- **EXCERPTED RECORDS**:
--------------------------------------------------
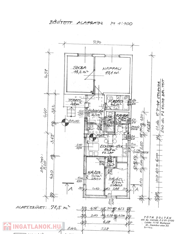 -előszoba(6,4m2), fürdőszoba(4,2m2), WC+kézmosó(4,1m2), nappali(17,1m2), hálószoba(11,2m2), konyha+étkező(14,8m2), kamra(2,1m2), közlekedő(1,4m2), 2 szoba(8,4m2, 9m2).
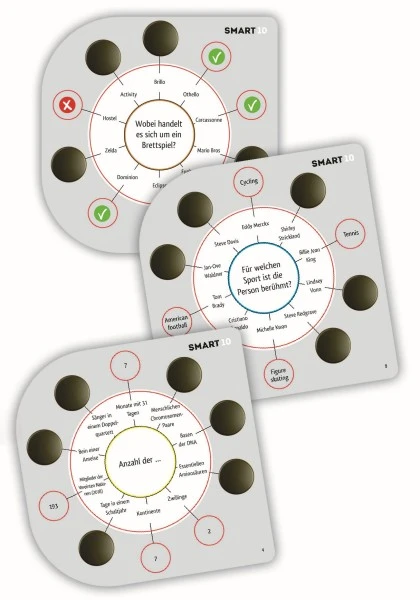 Auf jeder Karte von Smart 10 steht eine Frage und 10 vorgegebene Antworten. Jede dieser Antworten ist entweder wahr oder falsch.
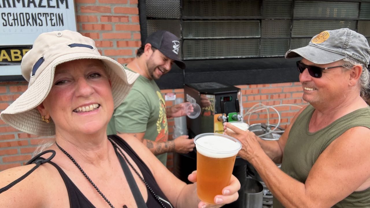 Bei der Schornsteinbrauerei wird draußen gezapft, das müssen wir probieren
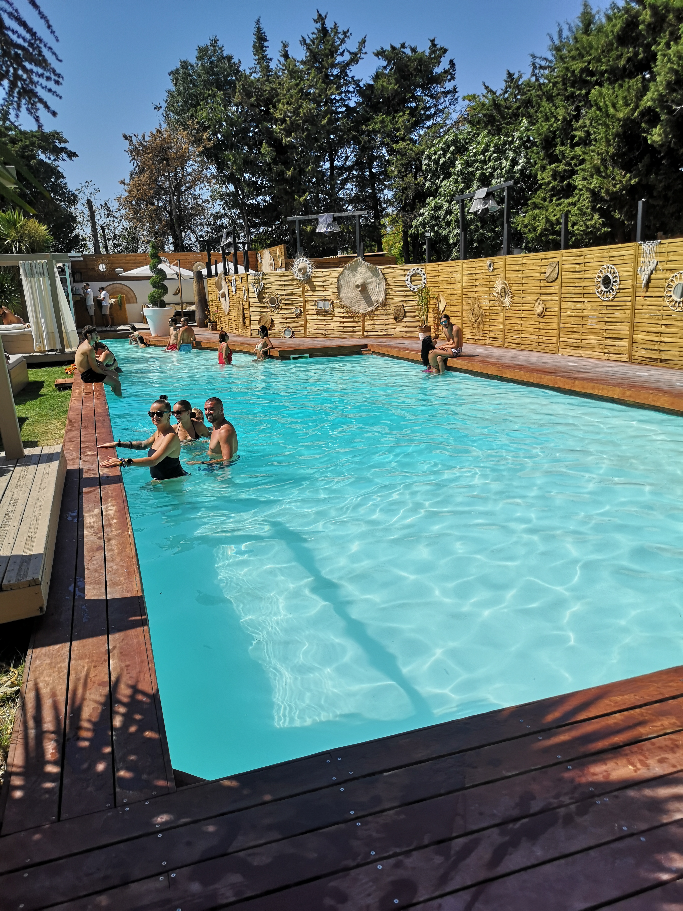 Lieu décoré avec goût,le thon cuit à la flamme délicieux, le voiturier est extrêmement sympathique, il nous a gardé notre place à l'ombre car à peine arrivée, nous avons du repartir chercher de l'argent liquide pour payer les matelas, personne ne nous avait averti lors de la réservation !!! La clientèle Marseillaise n'est pas à la hauteur du lieu, la piscine très sale dés notre arrivée à 11h,avec des bouchons de champagne, des cheveux, des insectes... Aucune échelle pour rentrée et sortir de la piscine !! Très déçu, 1ere et dernière expérience.
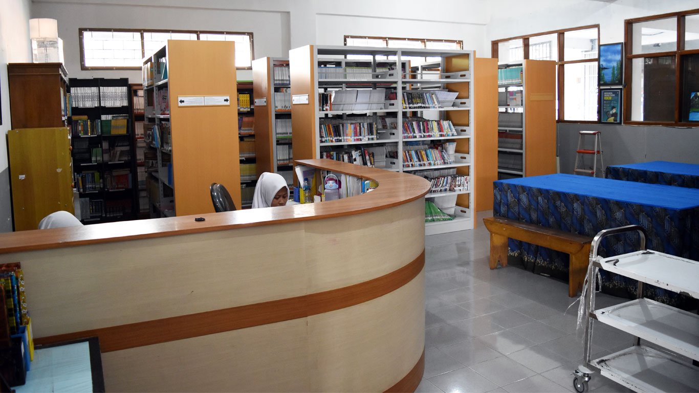 Perpustakaan SMK Islam Batu berada di gedung A lantai 1 dengan menerapkan konsep siswa piket di perpus selama jam pembelajaran aktif.
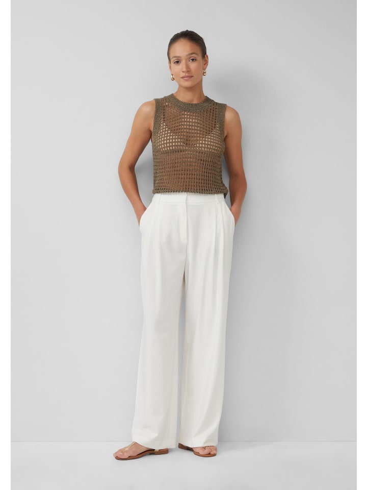 Уверенные и стильные: эти очень широкие брюки с креповой текстурой станут вашим акцентом на любой случай. Свободный крой и высокое качество исполнения подчеркнут ваш индивидуальный стиль. От деловых встреч до праздничных ужинов - вы будете впечатлять своей вневременной элегантностью и уверенным видом.
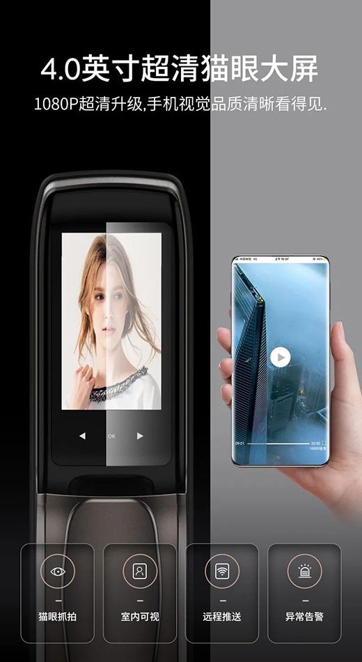 除了以上功能,希箭智能鎖R10流線型外觀上,還有一塊4.0英寸超清貓眼大屏最引人注目,1080P超清畫質讓您在屋內就可以把門外情況看得清清楚楚,安心又省心。
--------------------------------------------------
- **TRY IT**: Your copy must begin at the line containing "Уверенные и стильные: эти" and end at the last line of the material above. Reproduce each line exactly, but not the pictures.

- **PROBLEM SOLUTION**:
 Уверенные и стильные: эти очень широкие брюки с креповой текстурой станут вашим акцентом на любой случай. Свободный крой и высокое качество исполнения подчеркнут ваш индивидуальный стиль. От деловых встреч до праздничных ужинов - вы будете впечатлять своей вневременной элегантностью и уверенным видом.
 除了以上功能,希箭智能鎖R10流線型外觀上,還有一塊4.0英寸超清貓眼大屏最引人注目,1080P超清畫質讓您在屋內就可以把門外情況看得清清楚楚,安心又省心。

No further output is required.